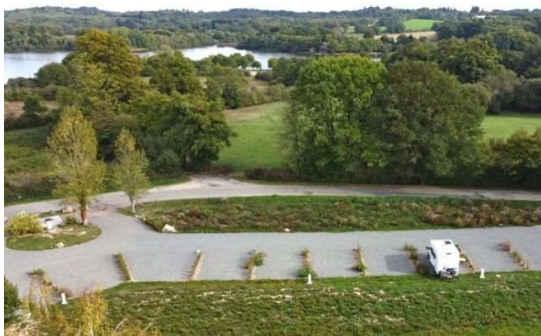
Aire naturelle et emplacements
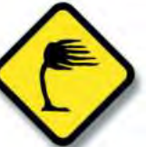
R.30 VIENTOS FUERTES LATERALES
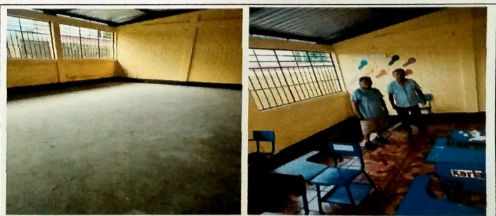
Foto 6: MODULO B aula lateral derecha, se instalo piso ceramico sobre base de concreto.
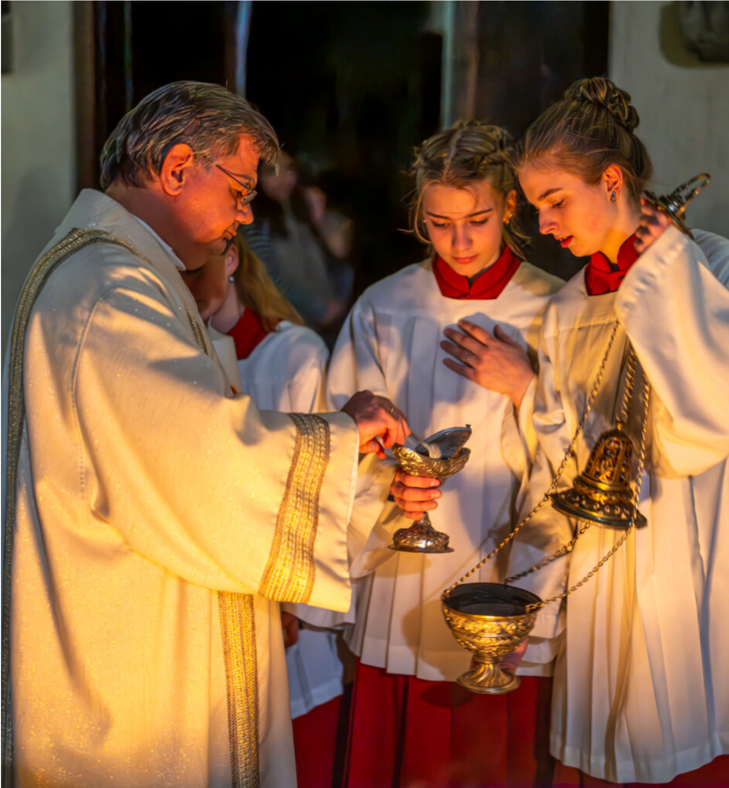
Von der Dunkelheit zum Licht: Osternacht auf dem Samerberg
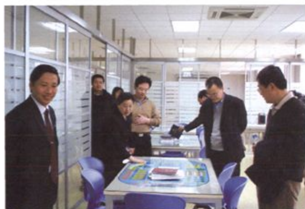
● 北京市教委主任郭广生来文科实践中心指导工作
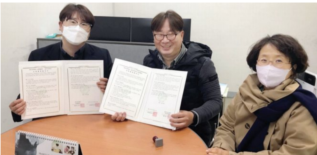
광주여자대학교 작업치료학과는 최근 광주나눔장애인자립생활센터에서 맞춤형 인력양성 및 연구·지원사업 상호협력에 관한 업무협약을 체결했다.
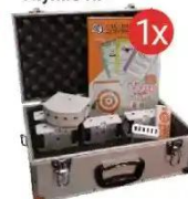
Zestaw szkolny Thymio RF
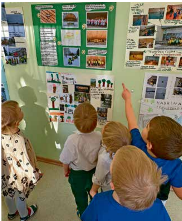
Mudilased lasteaia näitust tutvustamas.
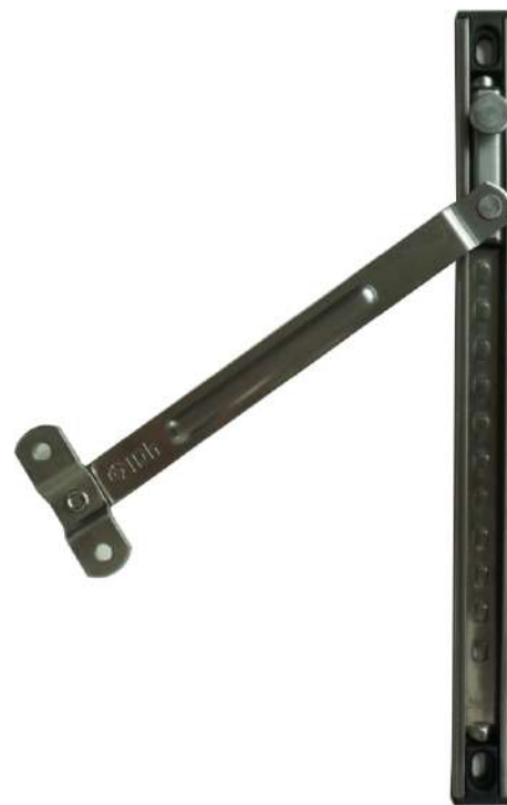
LA103T-10-201 Compás limitador con tornillo de fijación
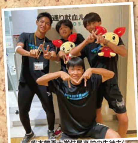
熊本学園大学付属高校の生徒さん 探究活動として献血について 学びにきてくれました!(^^)! 最後はみんなで献血も!★
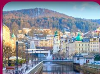
เมืองสปาแสนสวย คาร์ลวิ วารี
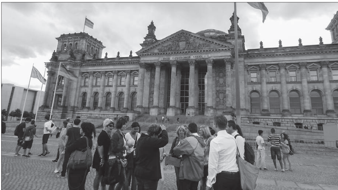
Siedziba Bundestagu w Berlinie.

Polonię interesował stosunek polityków do różnych grup budujących regionalną współpracę europejską, takich jak Czwórka Wyszehradzka czy Trójkąt Weimarski. Przede wszystkim jednak pytali o sprawy bezpośrednio rzutujące na życie Polonii. Czy migracja zarobkowa w ramach UE ma być ograniczona do tych zawodów, których nie chcą wykonywać mieszkańcy danego kraju, czy też migranci mają mieć dostęp także do zawodów z „wyższej półki”? – Oto jedno z pytań. Partie na ogół podkreślały, że swobodny dostęp do pracy w ramach EU jest jednym z podstawowych praw mieszkańców krajów członkowskich Unii i nie można tego zmieniać. Co nie znaczy, że można zamykać oczy na związane z tym problemy. Socjaldemokraci uważają, że trzeba zwalczać „dumping socjalny”, polegający na tym, że pracodawcy przyjmują chętniej zagranicznych pracowników, ponieważ ci zgadzają się na niższe wynagrodzenia. Dlatego SPD uważa, że ważny jest pewien stopień regulacji płac. Lewica podkreśliła konieczność reformy gospodarczej i społecznej w UE, dzięki której poprawiłyby się wa-
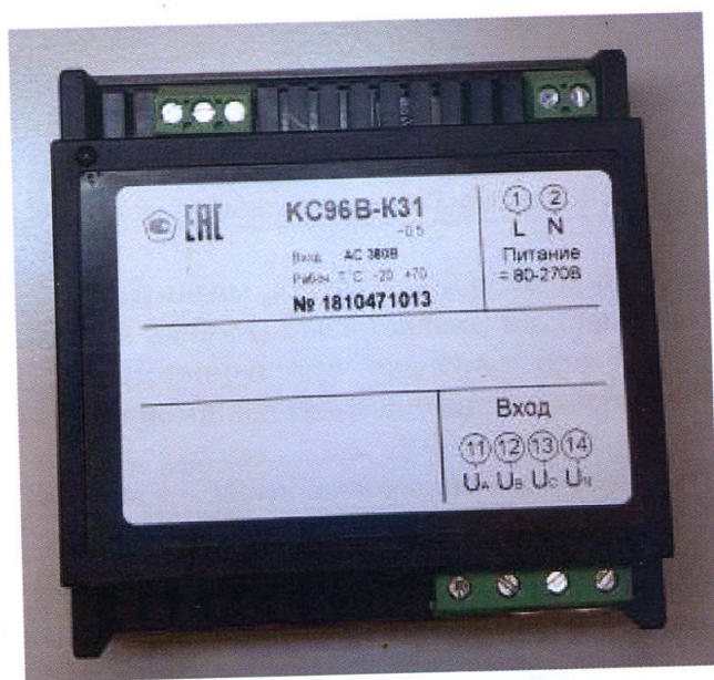
Рисунки 14 – Общий вид приборов KC96B (трехфазная модификация). Вид сзади
::::
**INSTRUCTIONS FOR THE TASK:** Transcribe exactly, with no pictures, the lines running from the first line of the material through the line holding "Siedziba Bundestagu w Berlinie.".

**RESPONSE:**
Aire naturelle et emplacements
R.30 VIENTOS FUERTES LATERALES
Foto 6: MODULO B aula lateral derecha, se instalo piso ceramico sobre base de concreto.
Von der Dunkelheit zum Licht: Osternacht auf dem Samerberg
● 北京市教委主任郭广生来文科实践中心指导工作
광주여자대학교 작업치료학과는 최근 광주나눔장애인자립생활센터에서 맞춤형 인력양성 및 연구·지원사업 상호협력에 관한 업무협약을 체결했다.
Zestaw szkolny Thymio RF
Mudilased lasteaia näitust tutvustamas.
LA103T-10-201 Compás limitador con tornillo de fijación
熊本学園大学付属高校の生徒さん 探究活動として献血について 学びにきてくれました!(^^)! 最後はみんなで献血も!★
เมืองสปาแสนสวย คาร์ลวิ วารี
Siedziba Bundestagu w Berlinie.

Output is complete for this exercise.